3.2.2. Présence de la chanson

On voit que la différence entre prose et chant n’existe presque pas chez Novarina : en fait, ici, tout se chante plus ou moins – un peu comme à l’époque des Troubadours. Nonobstant, le « troulabourateur » qu’est  Novarina semble aussi s’intéresser aux formes modernes que peuvent revêtir la musique et le chant.

C’est ainsi que la chanson française contemporaine n’est pas oubliée dans la liste concernant Dieu de La Chair de l’homme ; on y note la définition célèbre de « l’homme à la tête de chou » qui a dit « Dieu est un fumeur de havanes » (mais aussi « Dieu est juif », p. 398) et celle, encore plus surprenante, d’Hubert-Félix Thiéfaine : « Dieu est un fox à poil dur » (et notons que John Lennon sera également évoqué à la page 397, qui nous « fredonne » que « Dieu est un concept au moyen duquel nous mesurons notre peine »). En lisant les pages 355-356 de La Chair de l’homme, on se souviendra peut-être d’une chanson tragi-comique de Brigitte Fontaine dans laquelle une terrible chute nous est paradoxalement racontée de l’intérieur avec une sorte de flegme imperturbable et un luxe de détails techniques, objectifs et scientifiques, exactement comme pour le compte-rendu d’une expérience stoïcienne : qu’on tombe ou que l’immeuble s’écrase, on n’y peut plus rien – autant l’accepter.

Toujours dans La Chair de l’homme, c’est à une chanson de Jacques Dutronc (cf. « J’ai été gentil à Port-Gentil, j’ai été errant à Téhéran », etc.) que la chanson de Vévé Luctu (cf. liste des pages 353-354) nous fera songer (mais avec en plus des références bibliques) : « A Issoire, j’ai vu l’trou noir ; à Lyon, des réactions ; à Genève, j’ai trouvé Eve ; à Saint-Julien, son fils Caïn », etc. Pour « j’arrachais des arbres à la pelle » (C.H., p. 312), on pensera aux « feuilles mortes » de Prévert et Cosma et, à la page 203, il sera question d’une chanson de Bourvil : « Zèf à Plô écoute Salade de fruit ». De même, la « rate fleurie-e » (O.I., p. 127) pourra rappeler un air d’opérette où il est question de « route fleurie ».

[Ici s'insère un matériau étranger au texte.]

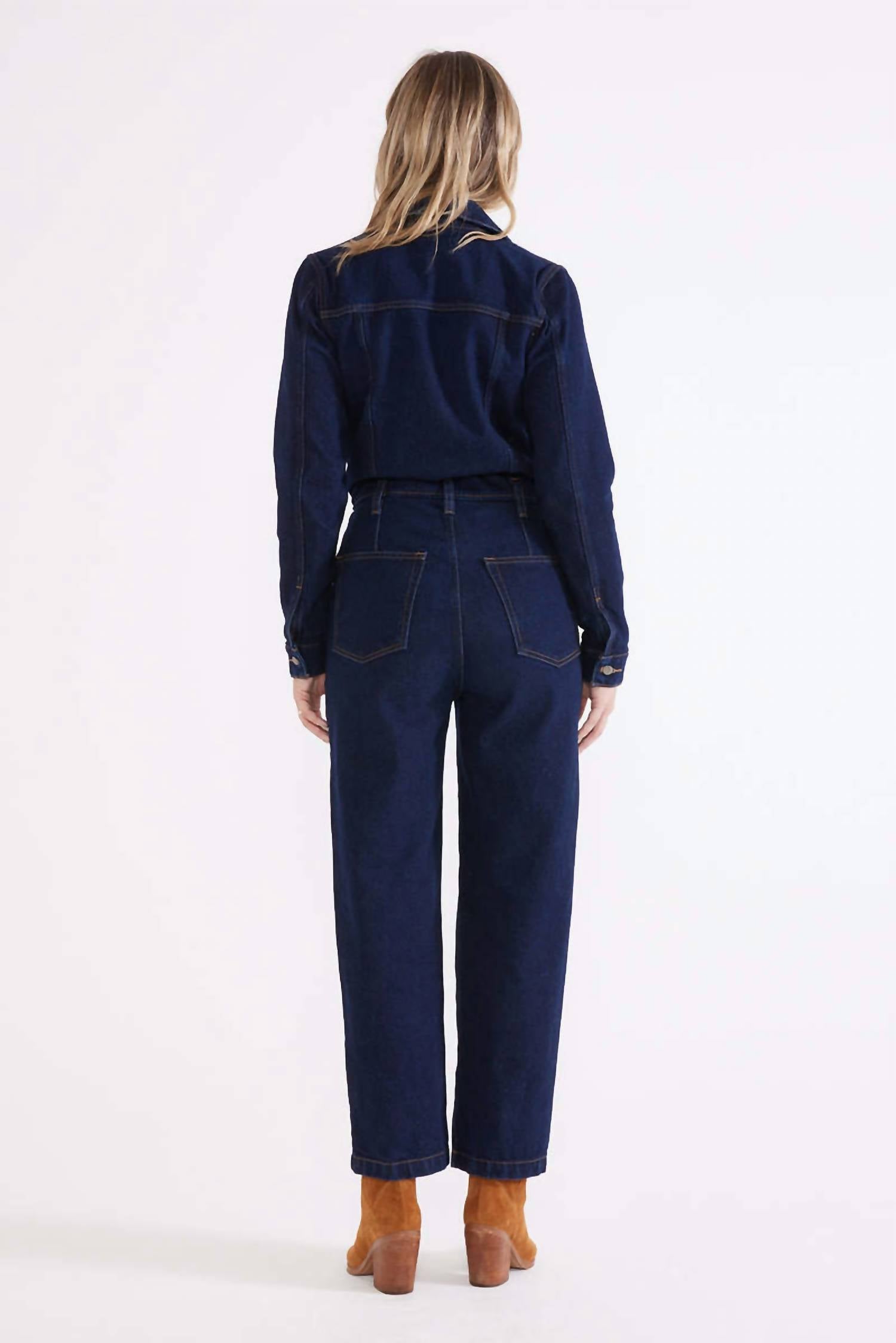 Throw it on and go! Step into a nostalgic vibe with the Farrah Zipper Front Denim Jumpsuit by ETICA, offering a chic 70's inspired design. This jumpsuit features long sleeves and a comfortable, straight-leg cut that is slightly cropped with a 27" inseam. Made from 100% cotton, it boasts a solid Night Swim shade. Closure is a convenient zip front, while the care instructions recommend machine washing and line drying, making this an effortless addition to your wardrobe.

Pour faire allusion à d’autres œuvres, notons qu’à la page 263 du Discours aux animaux, on pensera éventuellement à une chanson méconnue d’Aznavour (avec des jeux sur « carte » et « écarte ») ; de même, et encore plus surprenant : outre la référence biblique (à Amos), le leïtmotive « Malheur à toi » pourra rappeller le « Salut à toi » des Berurier noir, chanson morale mais agressive, à l’image des malédictions proférées par L’Anthropoclaste (O.R., pp. 151-152-153-154-155). Enfin, après Bourvil et Louis de Funès, il était un peu anormal d’oublier le troisième larron de la divine trinité comique française et la lacune sera magistralement comblée dans L’Acte inconnu où Christian Paccoud jouera pour nous Le Tango Corse, qu’immortalisa Fernandel. L’air est encore parodié dans une scène jouée par Dominique Parent (« le Dominique », comme dit la chanson) avec des effets d’apostrophe comiquement improbables (cf. « c’t’arbrisseau »). Quant à Andréas, qui est le prénom du laborantin qui assiste le professeur Raymond de la matière, c’est peut-être une allusion à une chanson peu connue de Bobby Lapointe (cf. « Andréa, c’est toi », etc.).